EDIT: These are nonlinear functions. Beyond that, they can't be characterized. Some of them may eventually be interpolated from a table of data.

There is no general answer to this question. A solver finding the solution to any equation does not exist. As Lance Roberts already says, you have to know more about the functions. Just a few examples
If the functions are twice differentiable, and you can compute the first derivative, you might try a variant of Newton-Raphson
Have a look at the Lagrange Multiplier Method for implementing the constraint.
If the function F is continuous (which it probably is, if it is an interpolant), you could also try the Bisection Method, which is a lot like binary search.
Before you can solve the problem, you really need to know more about the function you're studying.

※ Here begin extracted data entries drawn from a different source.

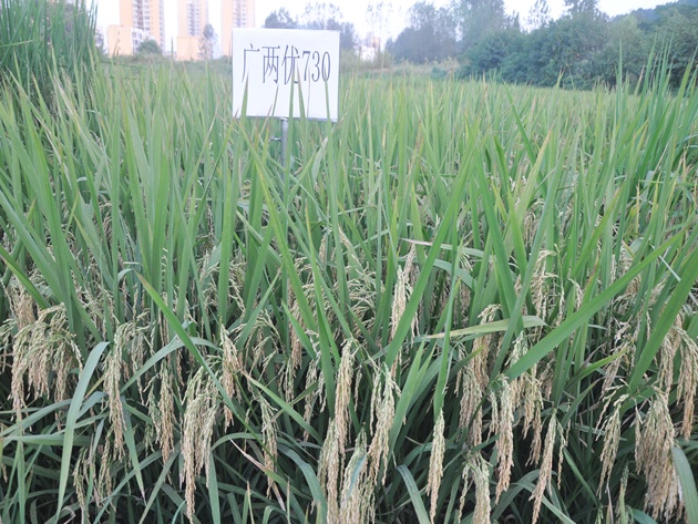 廣兩優(yōu)730(審定編號:國審稻20170055)屬兩系雜交秈稻,株高123.9厘米,全生育期141.5天。2015年參加南方稻區長(cháng)江中下游中秈遲熟組區域試驗,平均畝產(chǎn)稻谷685.0公斤,較對照增產(chǎn)7.8%;2016年續試,平均畝產(chǎn)稻谷646.5公斤,較對照增產(chǎn)6.3%;兩年區域試驗平均畝產(chǎn)稻谷665.7公斤,較對照增產(chǎn)7.1%。2016年生產(chǎn)試驗,平均畝產(chǎn)稻谷655.9公斤,較對照增產(chǎn)6.7%。米質(zhì)達到國家《優(yōu)質(zhì)稻谷》標準3級。適宜在長(cháng)江中下游地區作一季中稻種植。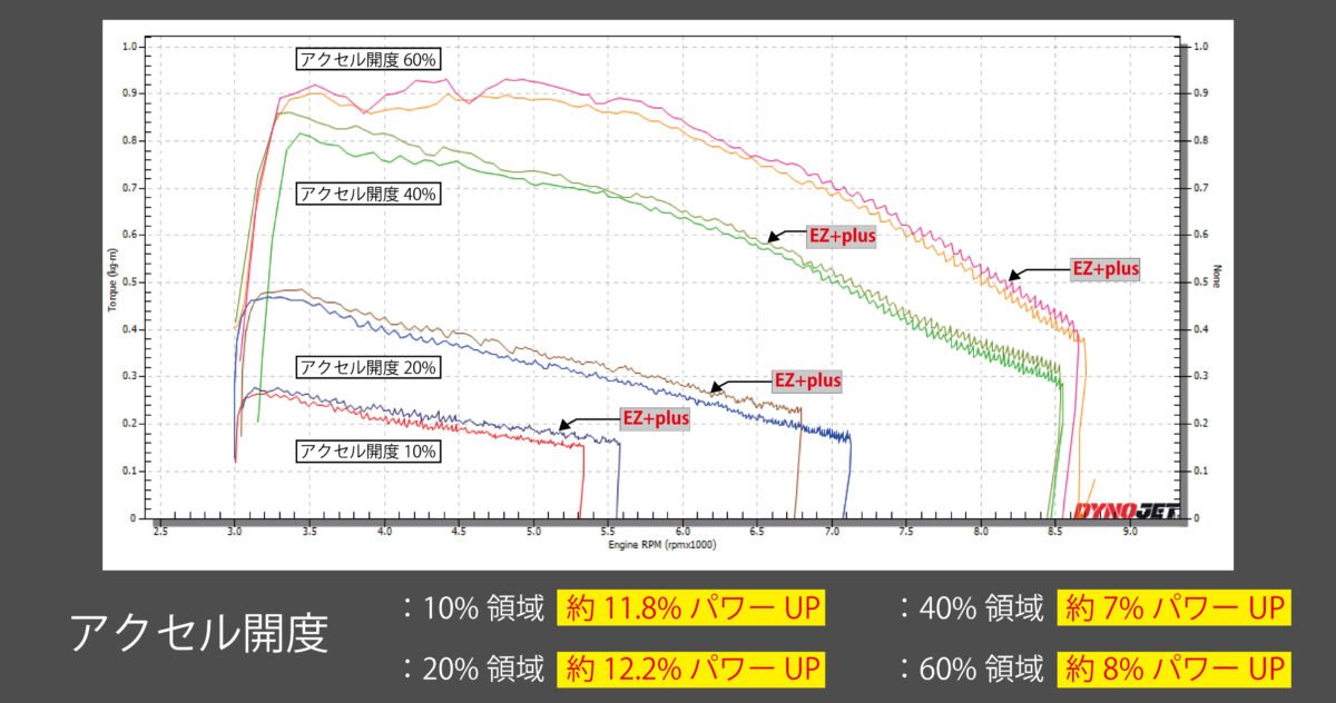 EZ+plus を取り付けた場合、本来のバイクの性能を発揮できるように燃料補正が最適化され、発進~小中開度域でのトルクアップを体感できる。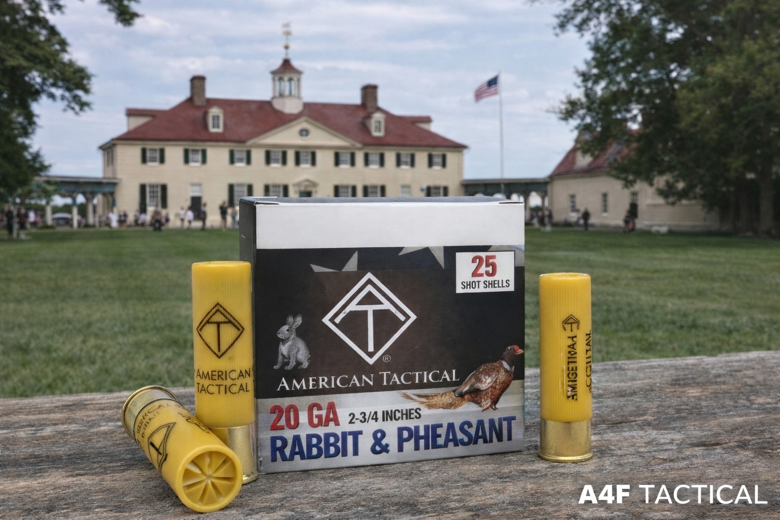 American Tactical 20 Gauge Rabbit & Pheasant shotshells are built for practical field use, offering a dependable load for small game and upland hunting. With 2¾” shells packaged in a 25-round box, this is the kind of ammunition made for days in the woods, brush lines, and open fields—where you want consistent performance, manageable recoil, and a load that fits the job. This image ties place and purpose together: American history in the background, and a classic hunting load in the foreground—because learning our past and enjoying the outdoors often go hand in hand.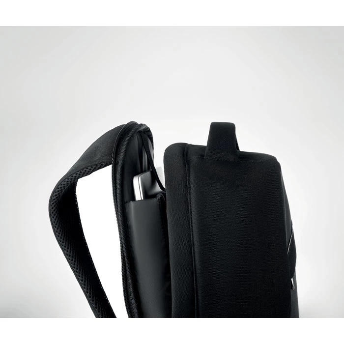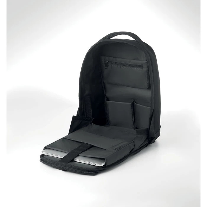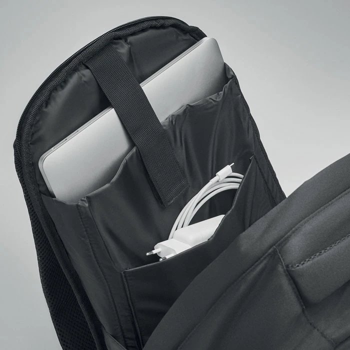 Plecak 600D RPET z wyściełanym paskiem na ramię z główną przegrodą wewnętrzną. Zawiera jedną wewnętrzną przegrodę na laptopa 13 cali. Główna komora zapinana na zamek z tyłu dla większego bezpieczeństwa.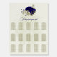 Beautiful romantic wedding seating chart foam board featuring royal blue and beige flowers and some leaves .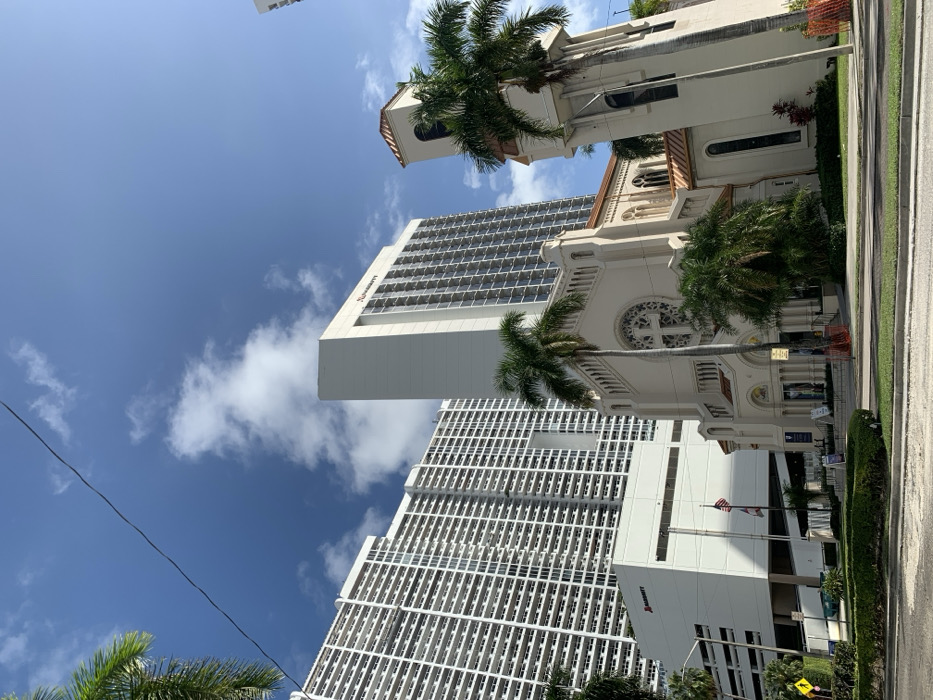 The image displays an urban street scene in Miami, Florida, United States, featuring prominent architectural structures under a clear blue sky with scattered white clouds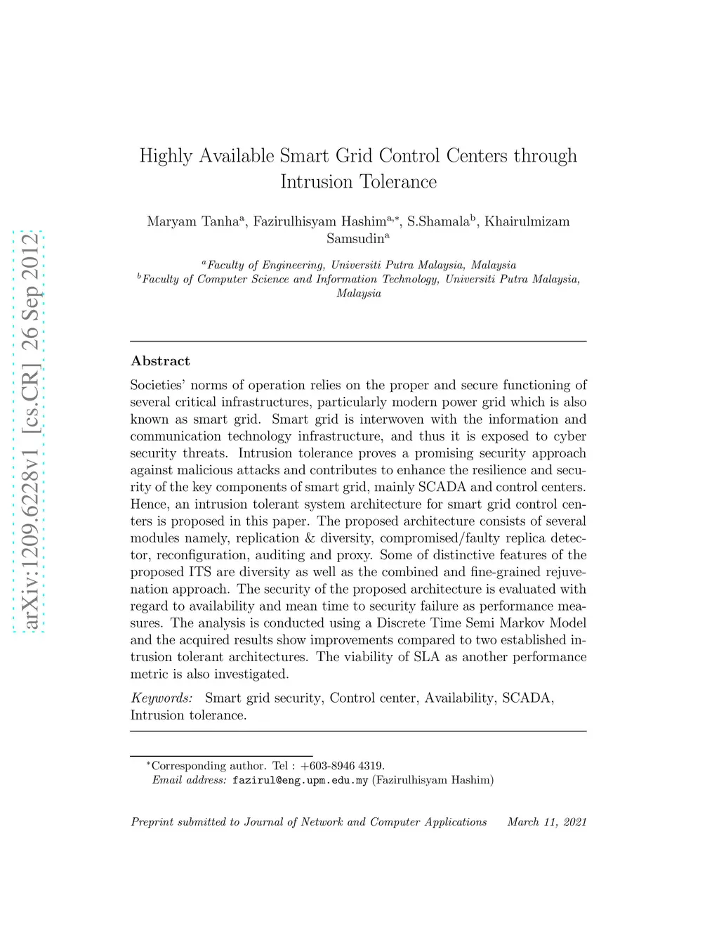 Highly Available Smart Grid Control Centers through Intrusion Tolerance
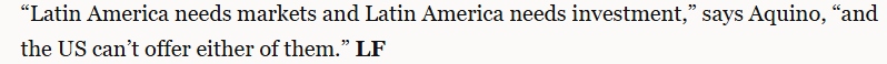 文章指出,并非所有人都對拉美與中國之間的合作感到滿意。華盛頓尤其擔心。不過,許多人認為華盛頓影響拉丁美洲的能力有限。文章援引利馬國立圣馬科斯大學的亞洲經(jīng)濟專家卡洛斯·阿基諾的話指出,“拉丁美洲需要市場和投資,但美國無法提供其中任何一項”。

As others have already posted, we do need some more information on the functions. However, given that, we can still try to solve the following relaxation with a standard non-linear programming toolbox.
min k
st.
A + B + C + D + E = 1
F1(A) - k = 0
F2(B) - k = 0
F3(C) -k = 0
F4(D) - k = 0
F5(E) -k = 0
Now we can solve this in any manner we wish, such as penalty method
min k + mu*sum(Fi(x_i) - k)^2
st
A+B+C+D+E = 1
or a straightforward SQP or interior-point method.
More details and I can help advise as to a good method.
m

The functions are all monotonically increasing with their argument. Beyond that, they can't be characterized. The approach that worked turned out to be:
1) Start with A = B = C = D = E = 1/5
2) Compute F1(A) through F5(E), and recalculate A through E such that each function equals that sum divided by 5 (the average).
3) Rescale the new A through E so that they all sum to 1, and recompute F1 through F5.
4) Repeat until satisfied.
It converges surprisingly fast - just a few iterations. Of course, each iteration requires 5 root finds for step 2.

One solution of the equations
A + B + C + D + E = 1
F(A) = F(B) = F(C) = F(D) = F(E)
is to take A, B, C, D and E all equal to 1/5. Not sure though whether that is what you want ...
Added after John's comment (thanks!)
Assuming the second equation should read F1(A) = F2(B) = F3(C) = F4(D) = F5(E), I'd use the Newton-Raphson method (see Martijn's answer). You can eliminate one variable by setting E = 1 - A - B - C - D. At every step of the iteration you need to solve a 4x4 system. The biggest problem is probably where to start the iteration. One possibility is to start at a random point, do some iterations, and if you're not getting anywhere, pick another random point and start again.
Keep in mind that if you really don't know anything about the function then there need not be a solution.

ALGENCAN (part of TANGO) is really nice. There are Python bindings, too.
http://www.ime.usp.br/~egbirgin/tango/codes.php - " general nonlinear programming that does not use matrix manipulations at all and, so, is able to solve extremely large problems with moderate computer time. The general algorithm is of Augmented Lagrangian type ... "
http://pypi.python.org/pypi/TANGO%20Project%20-%20ALGENCAN/1.0

Google OPTIF9 or ALLUNC. We use these for general optimization.

You could use standard search technic as the others mentioned. There are a few optimization you could make use of it while doing the search.
First of all, you only need to solve A,B,C,D because 1-E = A+B+C+D.
Second, you have F(A) = F(B) = F(C) = F(D), then you can search for A. Once you get F(A), you could solve B, C, D if that is possible. If it is not possible to solve the functions, you need to continue search each variable, but now you have a limited range to search for because A+B+C+D <= 1.
If your search is discrete and finite, the above optimizations should work reasonable well.

I would try Particle Swarm Optimization first. It is very easy to implement and tweak. See the Wiki page for it.